Schepers and colleagues (1986) noted that in the Central Platte River Valley, the groundwater used to irrigate corn contributed an average of 46 kg of nitrogen/ha (41 lb/acre), or 31 percent of the nitrogen applied as fertilizer. The groundwater used to irrigate potatoes in Wisconsin contributed an average of 57 kg/ha (51 lb/acre), or 25 percent of the nitrogen added as fertilizer (Saffigna and Keeney, 1977). Surface waters used as sources of irrigation water usually contain much lower concentrations of nitrogen (Schepers and Fox, 1989). In some natural resource districts in Nebraska, the nitrate-N in the irrigation water must now be

accounted for and is used to reduce the amount of fertilizer-N applied (Central Platte Natural Resources District, 1992; Schepers et al., 1991).

Mineralization is a relatively slow process that is dependent on temperature and moisture; only 2 to 3 percent of the organic nitrogen stored in soil is mineralized annually (Buckman and Brady, 1969; Oberle and Keeney, 1990). This 2 to 3 percent, however, is the basis for natural ecosystem nutrient cycling and, depending on the amount of organic matter in the soil, can supply a significant portion of the nitrogen needed by crops each year.

Despite the relatively slow rate of mineralization, this process can be an important factor in determining the year-to-year variability in the amount of nitrogen available to crop plants. The 2 to 3 percent mineralization rate is an average and the moisture and temperature regimes that are optimal for plant growth are also optimal for nitrogen mineralization and nitrification that make the nitrogen stored in soil organic matter available to plants. In years when conditions are optimal, more nitrogen may be released; this natural interaction is an important contributor of nitrogen in climatically optimal years that produce bumper crops. However, the mineralization of nitrogen from the soil, related to inherent soil fertility, has been implicitly included in nutrient-yield response and management evaluations for different soils. New tools are needed to measure the actual nitrogen available from mineralization and other residuals to account for and take advantage of annual variability.

The primary desired output is nitrogen taken up in harvested crops and crop residues.
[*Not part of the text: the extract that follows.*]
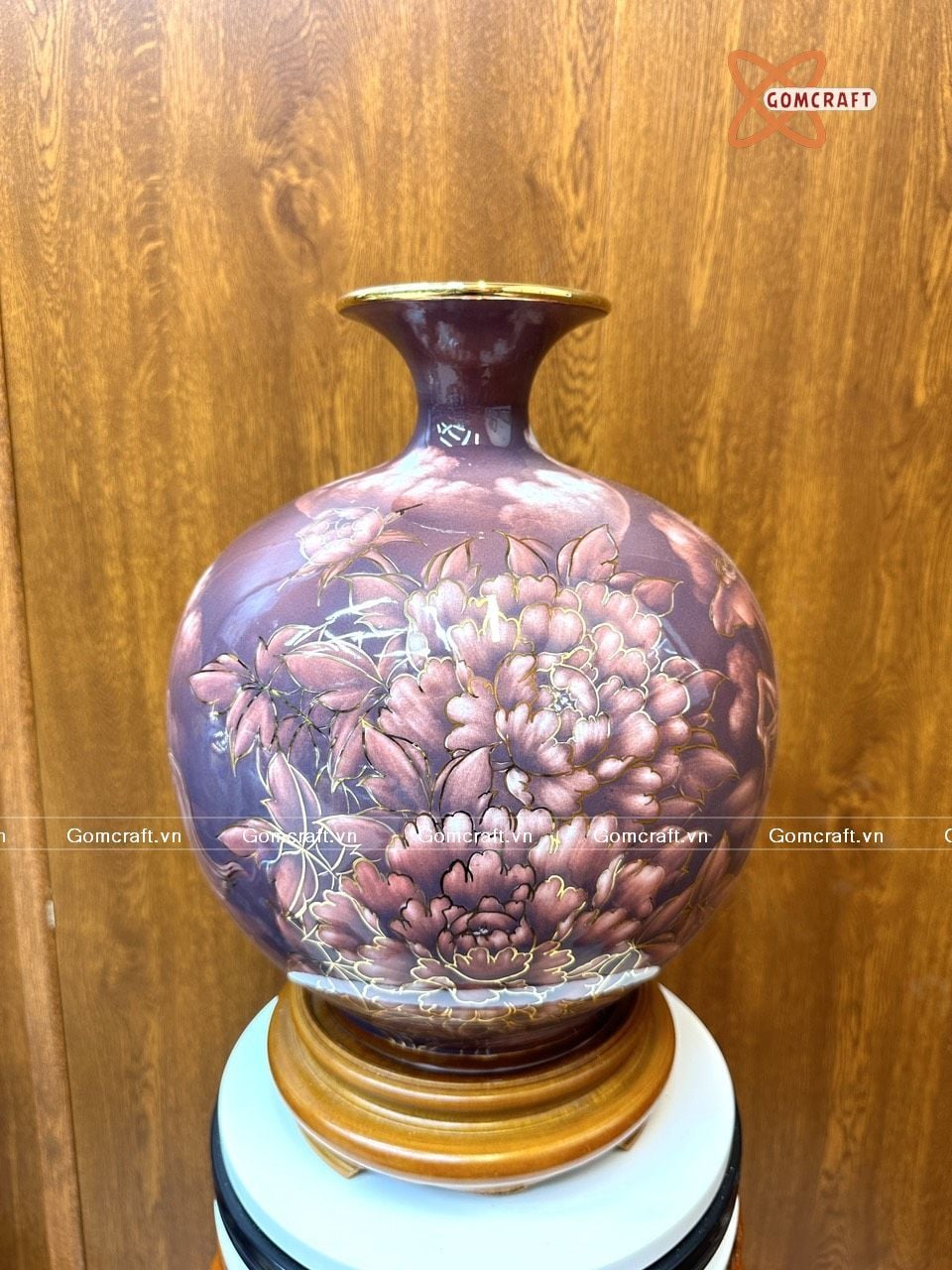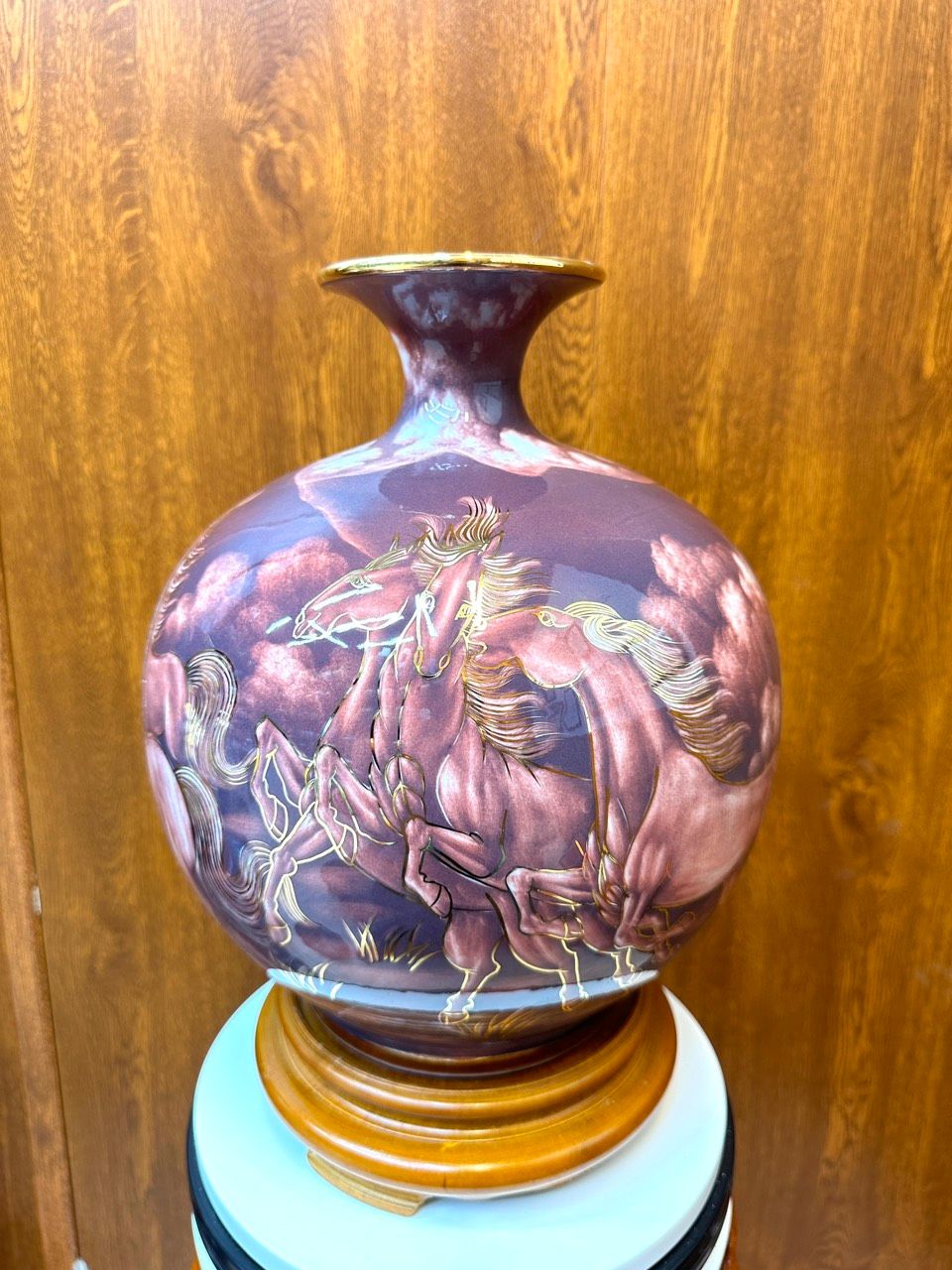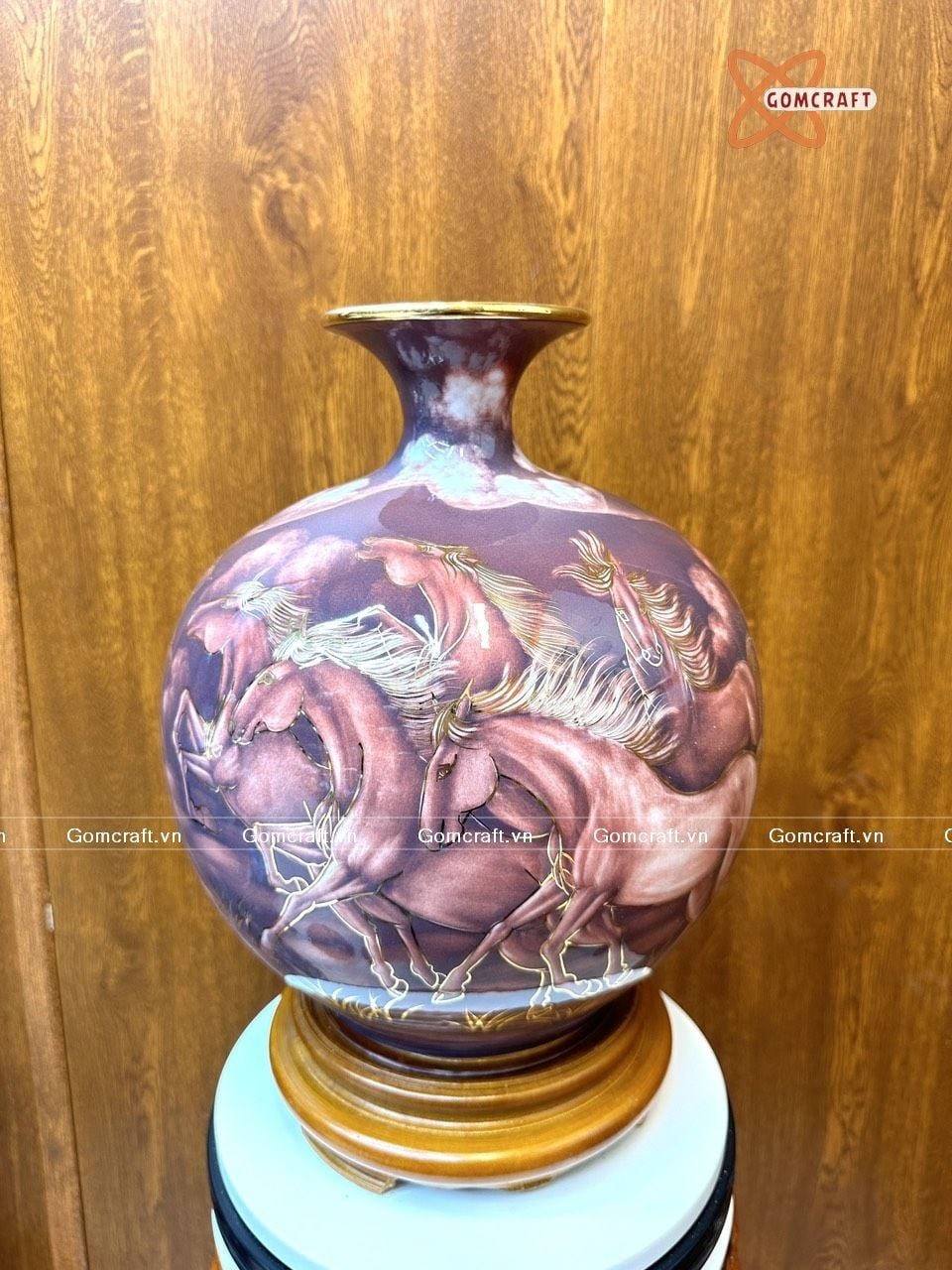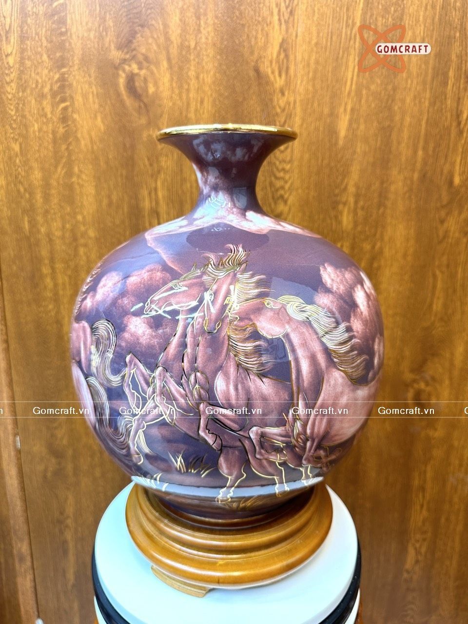 Quà Tặng Khai Trương Bình hút lộc Bát Tràng nền tím vẽ vàng Mã Đáo Thành Công cao 30cm bụng 28cm

Nitrogen is lost to the atmosphere by volatilization and denitrification and is washed away in runoff in solution, attached to eroded particulates or organic matter. Nitrogen is also leached as nitrate to locations deeper in the soil or to groundwater. Other minor outputs can include gaseous losses such as N₂O evolution during nitrification; decomposition of nitrous acid, or losses directly from maturing or senescent crops (Bremner et al., 1981; Meisinger and Randall, 1991; Nelson, 1982). Some nutrients are taken up by weeds or immobilized by microbes, but these nutrients primarily enter the organic-N storage pool. These minor outputs are secondary factors and have typically been implicitly included in nutrient-crop yield response models.

The nitrogen found in harvested crops represents the greatest and most important output of nitrogen from croplands. For 1987, the nitrogen harvested in crops and residues was estimated at more than 13 million metric tons (14 million tons) (Table 6-1). The amount of nitrogen harvested in crops and residues was estimated to be 67, 64, and 60 percent of total inputs under the low, medium, and high scenarios, respectively. The balance of total nitrogen inputs not accounted for in crops or residues was 6.7 million, 7.4 million, and 9.1 million metric tons (7.4 million, 8.1 million, and 10 million tons) under the low, medium, and high scenarios, respectively. These balances represent 33, 36, and 40 percent of total nitrogen inputs, respectively.